Stored records
==========

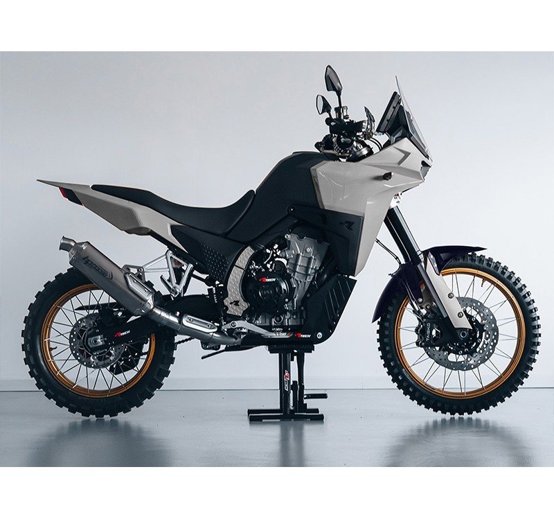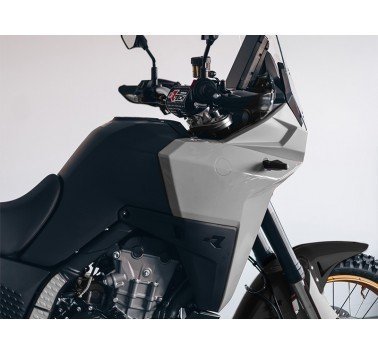 Kit de plástico fabricado en tecnopolímero, diseñado para maximizar la estética y resistir impactos. El kit transforma el estilo de la moto con un guardabarros trasero más largo, un panel trasero para la matrícula y entradas de aire del radiador de nuevo diseño.
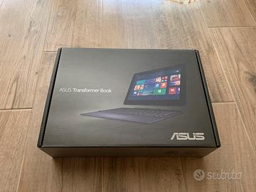 Asus T100. Computer portatile trasformabile. La tastiera puo essere staccata per utilizzarlo come un tablet. Windows 10 installato (possibile reinstallazione). 32 GB di memoria interna, espandibile tramite slot micro SD integrato. Compresa custodia non originale. Scatola originale. Caricatore originale.
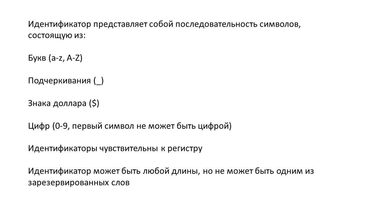 Идентификаторы чувствительны к регистру. Например, «Привет» с заглавной буквы отличается от «привет» со всеми строчными буквами.
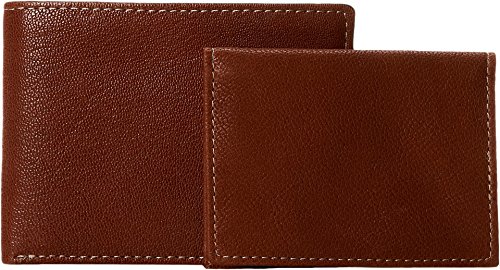 -. Feature : Pebbled-leather bifold wallet featuring removable pass case, contrast stitching, and embossed logo at front corner
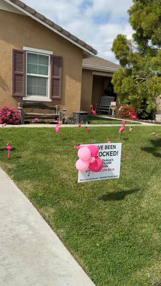 I’ve seen this fundraiser for a while, but I’ve never been flocked… until today! Came home from work to sunshine and a yard full of flamingos—so fun! Love this group and all they do for our amazing humans with special needs. What a great surprise! #Flocked #FlamingoFun
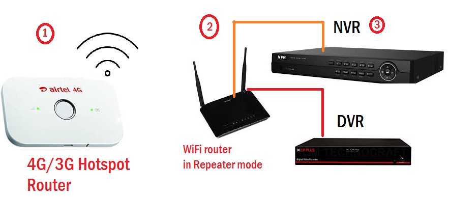 Once your WiFi repeater device is successfully connected to your 4G hotspot router now place the WiFi device near your DVR or NVR and follow the steps as shown below image.
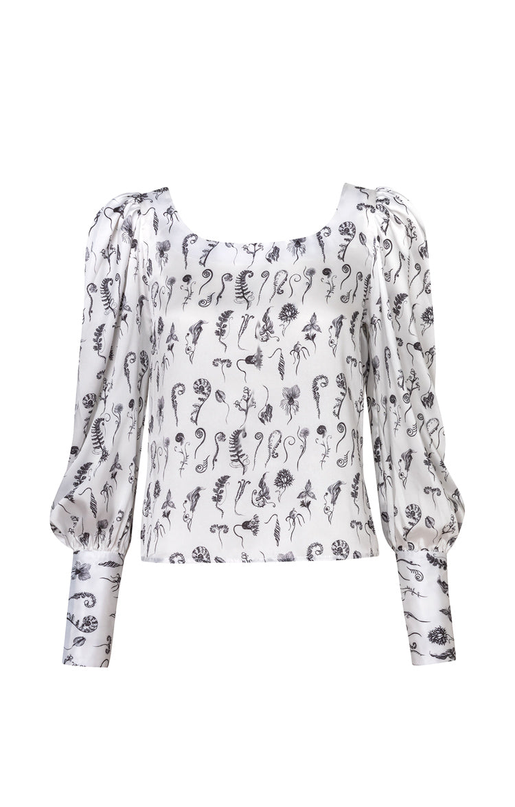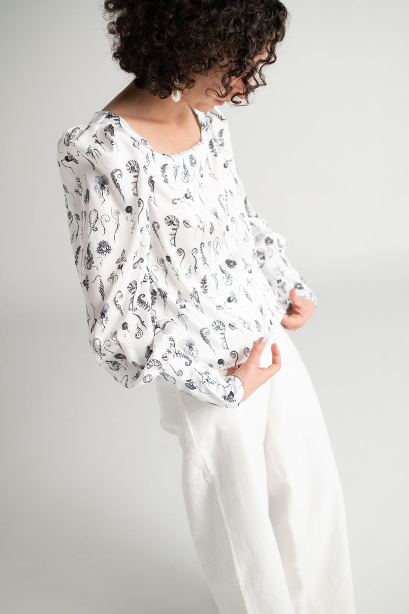 Top manga bombacha, con puño alto, cuello bandeja y abotonadura en la espalda. Elaborada en una base textil de poliéster reciclado. El fit de nuestro top es ideal para aquellas que quieren darle un toque diferente a su look. La modelo lleva una talla S y mide 1,75. Esta prenda es hecha en Colombia en condiciones de trabajo éticas.

==========

Directions: Though the entries above contain pictures, none should be copied; reproduce only the lines between the one holding "Asus T100. Computer" and the one holding "Идентификаторы чувствительны к", inclusive, exactly as written.

Exercise solution:
 Asus T100. Computer portatile trasformabile. La tastiera puo essere staccata per utilizzarlo come un tablet. Windows 10 installato (possibile reinstallazione). 32 GB di memoria interna, espandibile tramite slot micro SD integrato. Compresa custodia non originale. Scatola originale. Caricatore originale.
 Идентификаторы чувствительны к регистру. Например, «Привет» с заглавной буквы отличается от «привет» со всеми строчными буквами.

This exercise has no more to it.